Его слова были сказаны впустую. Лицо Шюттенстрема внезапно стало мертвенно-бледным.
В первые дни после катастрофы он еще держал себя в руках, сохраняя присутствие духа. Полный энергии и решимости, он пытался вселять в отчаявшихся бодрость, мужество и уверенность в спасение. Но, узнав о гибели надувной шлюпки, Старик вдруг сдал. Обвинения Биндера он принял молча, без возражений. Все попытки Кунерта ободрить командира остались бесплодными.
Теперь Шюттенстрем сидел скрючившись, дрожа всем телом. Его знобило. Все время с тех пор как он пересел в ял к Кунерту, его лихорадило. Но он все же мужественно переносил все невзгоды, старался думать и принимать решения. «Мне надо было бы остаться на борту «Хорнсрифа», – говорил он себе, – тогда я смог бы умереть с честью». Но сразу же оправдывал себя: «Это, конечно, было бы неправильно! Не мог же я бросить своих людей на произвол судьбы? Разве я был им не нужен? Поступив так, я оказался бы трусом! И перешел к Кунерту я тоже правильно. Я хотел избавить дырявую шлюпку от лишнего груза. Я пытался сделать все, чтобы спасти людей. Кто мог знать, что все окажется напрасным?»
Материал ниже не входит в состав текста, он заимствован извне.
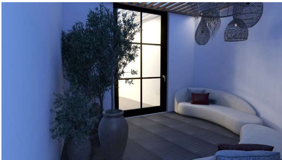
Figura 1 - Render de zona exterior.

A necessidade de atender às demandas do crescimento do turismo na cidade, motivou a decisão de realizar uma remodelação completa neste edifício. Neste, foram intervencionados todos os pisos, criando uma zona de refeições e uma zona de instalações sanitárias no piso 0, e nos restantes pisos (piso 1 e 2), criados 3 quartos suites por piso, conseguindo numa hipotética lotação máxima, capacidade para 12 hóspedes. Além disto, o piso 1 está munido de uma pequena zona exterior, onde os hóspedes podem descansar e usufruir de um bom livro. ´
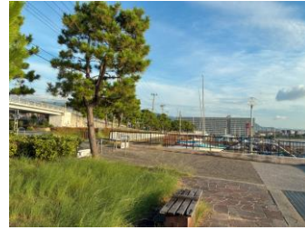
北折り返しへ向かう
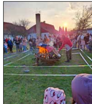
Máglyán égett a kiszébab idén is

A témahét fő attrakciója volt a téltemető népszokás, a kiszébab égetése. A kiszébab égetése nem csupán játék, hanem szimbolikus cselekedet: a szalmabábbal együtt a be-
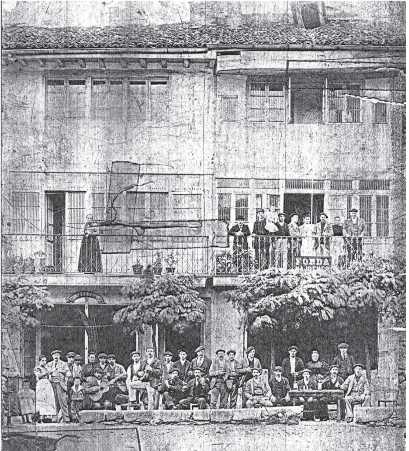
HUA / ARGAZKIAK // HER00334.
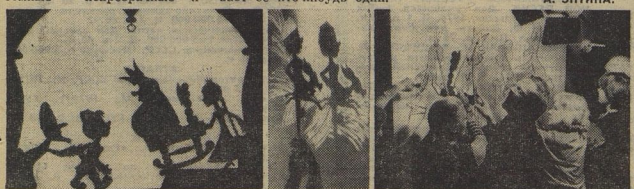
В Московском театре теней оживают волшебные сказки разных народов и стран. Посмотри на сценки: это сцены из спектакля «Конек-горбунок» — танные, какими их видит зритель и сами актёры.
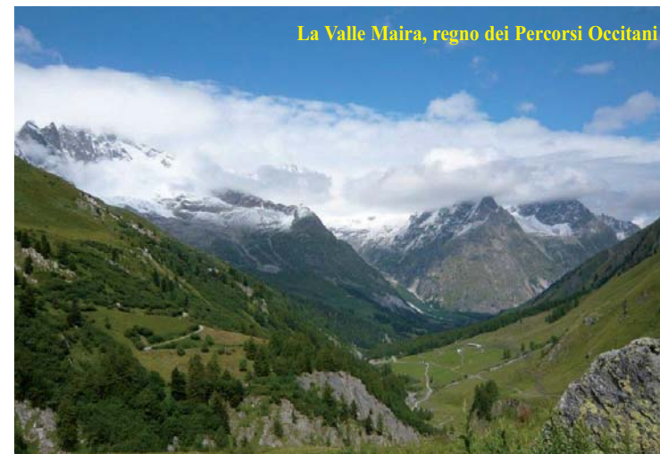
La Valle Maira, regno dei Percorsi Occitani

- 6 ottobre: Percorsi Occitani - Stroppo - Valle Maira - 20 ottobre: Camminata nelle Langhe con possibilità di pranzo
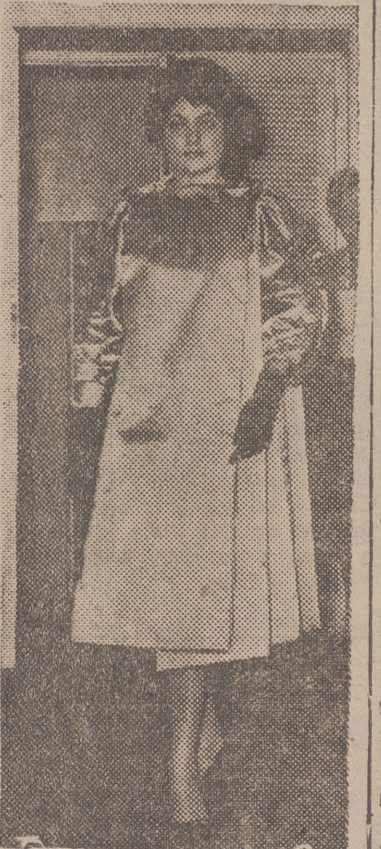
Abrigo de cocktail, de raso natural, color beige claro. La originalidad del modelo está en la línea recta de corte japonés. — (Foto Europa).

Trastornos digestivos o irregularidades.— Procurar el funcionamiento de nuestro cuerpo. El estreñimiento, por ejemplo, produce verdaderas catástrofes en la piel cuando se padece. Conviene consultarlo a un médico y ponerse en tratamiento inmediatamente. De la misma forma, cualquier trastorno o desequilibrio del tipo que sea.
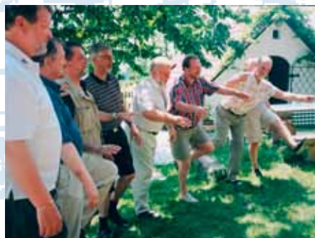
Partasuiden akrobaattiesitys Kis Csutorásin maalais-csárdaan pihalla
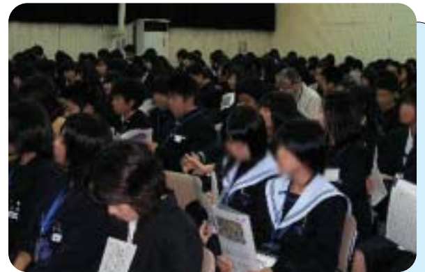
地元中学生対象のオープンスクール
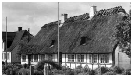
Kirkestien 17, ca. 1960
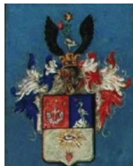
arma Scitovszky de Nagykér genealogia Scitovszky de Nagykér

Borovszky Samu, ed. Magyarország vármegyéi és városai. Magyarország monográfiája. Budapest: Apolló, 1896-1913. Nógrád megye 618. Fröhlichsthal, Georg Freiherr von. Der Adel der Habsburgermonarchie im 19. und 20. Jahrhundert. Inzingen bei Rotherburg ob der Tauber: Bauer & Raspe, 2008. 303. Kempelen, Béla. Magyar nemes családok. Budapest: Grill, 1911-1932. Vol. 9, 297. Nagy, Iván. Magyarország családai czimerekkel és nemzedékrendi táblákkal. Pest, 1857-1868. Vol. 10, 111. Vajay, Szabolcs. A máltai lovagrend magyar lovagjai 1530-2000. Budapest: Magyar Máltai Lovagok Szövetsége, 2002. Vol 1, 151; Vol. 2, 594-95.

У него начался новый приступ лихорадки. Шюттенстрем хорошо понимал, что долго не протянет. Он уже немолод, и перенести такие мучения у него просто не хватит сил. Старый моряк вновь заставил себя проанализировать свои действия во время и после катастрофы: «Кто виноват в гибели судна и многих людей? Правильно или неправильно я поступал?» И сколько бы он ни думал, все время приходил к одним и тем же выводам. Во время катастрофы Шюттенстрем действовал правильно. Он сделал все, что мог. Он был не в состоянии чем-либо помочь гибнувшим матросам. Шюттенстрем не снимал с себя вины в гибели судна и людей. Но причины этого несчастья лежали значительно глубже. В своих многочасовых размышлениях, прерываемых частыми приступами лихорадки, Старик пришел к выводу, что его отношение к жизни было неправильным. «Доктор Бек был прав, говоря, что нужно делать только то, что близко твоему сердцу и твоим убеждениям, только то, за что ты в любой момент готов нести ответственность. Я не должен был, не имел права принимать командование «Хорнсрифом». Я не должен был поддерживать режим, повинный в этой войне и ввергший Германию в несчастье».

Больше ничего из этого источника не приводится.